We gain knowledge through our perceptions. Fortunately, we perceive much of the world in pretty much the same way; both you and I perceive a chair to be a chair; we don’t perceive it to be a turnip.

But we don’t all perceive everything in the same way. One way to explain those differences is that our sensed information is filtered. Choice theory refers to one of those filters as a “total knowledge filter” which compares what we’ve sensed to what has meaning for us.

There are three possible outcomes:

  1. If what we sense has meaning, it becomes a perception which we then assess for value: positive, negative or neutral.
  2. If what we sense might have meaning, we investigate further.
  3. If it has no meaning for us, the information basically goes nowhere.

So, my eyes were providing information to show, “This is not what you usually see.” Yet, that didn’t take on meaning for me until my participant pointed it out.

What’s the bigger picture here?

When we have fixed expectations, we can sometimes mistake those expectations for reality, even when the feedback we get says, “No, this is different.”

I like to think that what I see is reality. But it’s being filtered—by me. It’s easy to forget that. So I’m grateful to have had this little reminder about my own perceptual filters.

This also provides insight into why people sometimes seem to be wearing “blinders.” For example, why would some parents persist in believing that their teenagers are studying with friends, when evidence clearly indicates that this isn’t so?

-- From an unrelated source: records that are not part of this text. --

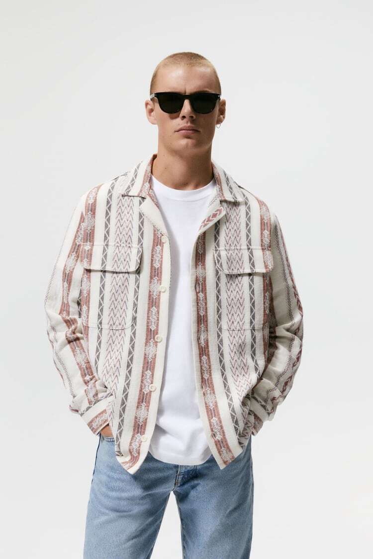 ZARA ザラ ジオメトリック ジャカード シャツジャケット オーバーサイズ/メンズ/S☆新品☆2022新作モデル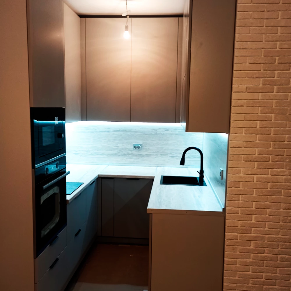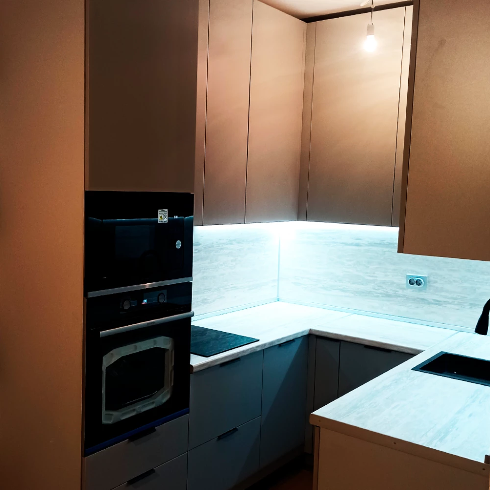 Реализован сложный и эффектный проект П-образной кухни, выполненный по настоянию клиента, несмотря на наши рекомендации рассмотреть более эргономичные угловые решения. Этот кейс — пример того, как мы воплощаем даже самые смелые пожелания, находя оптимальные конструктивные решения для нестандартных планировок. Результатом стала величественная и стильная кухня с безупречными фасадами.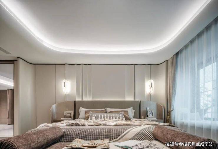 主卧大套房设计带超大主卫和衣帽间,面积约50㎡,尺度感与市面上近300㎡的顶豪拉平。
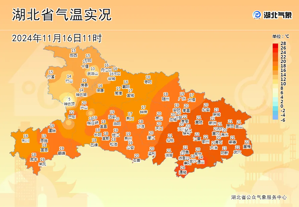 11月17日08时-18日08时,鄂西北、鄂西南阴天有小到中雨,其中鄂西北高海拔山区有雨夹雪或雪;其他地区阴天有小雨。最高气温鄂西北9~11℃、鄂东南14~17℃、其他地区11~14℃,最低气温西部6~9℃、东部9~13℃,偏北风3到5级、阵风6到8级。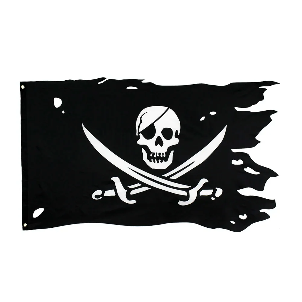 Faites flotter l’esprit corsaire avec le Drapeau Pirate Extérieur : un Jolly Roger usé et déchiré aux sabres croisés, robuste et authentique, parfait pour jardins, fêtes à thème et passionnés de piraterie.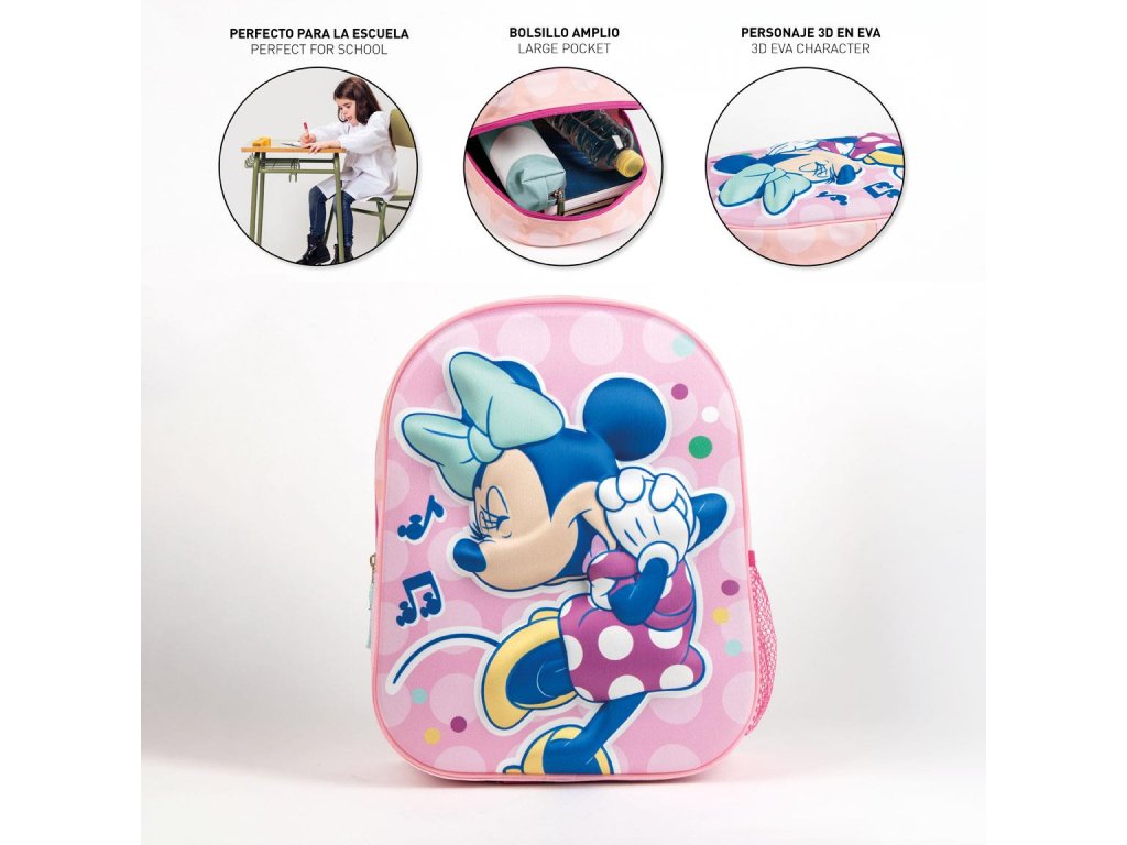 Dětský 3D růžový batoh s motivem Minnie potěší malé fanoušky Mickey Mouse. Nabízí dostatek prostoru pro školní potřeby nebo drobnosti a hravý 3D design dodá každému dni veselý a roztomilý nádech.Doplňkové parametry

Why do some people live beyond their means, even though evidence is telling them, “You’re broke!”

Why do some spouses completely trust their partner when evidence indicates that their trust is misplaced? Or vice versa?

Have you ever said, “How could I have been so blind?” Then you know that just because something is in front of our eyes doesn’t mean we see it.

Do you find it difficult to recognize the feedback that reality provides for you?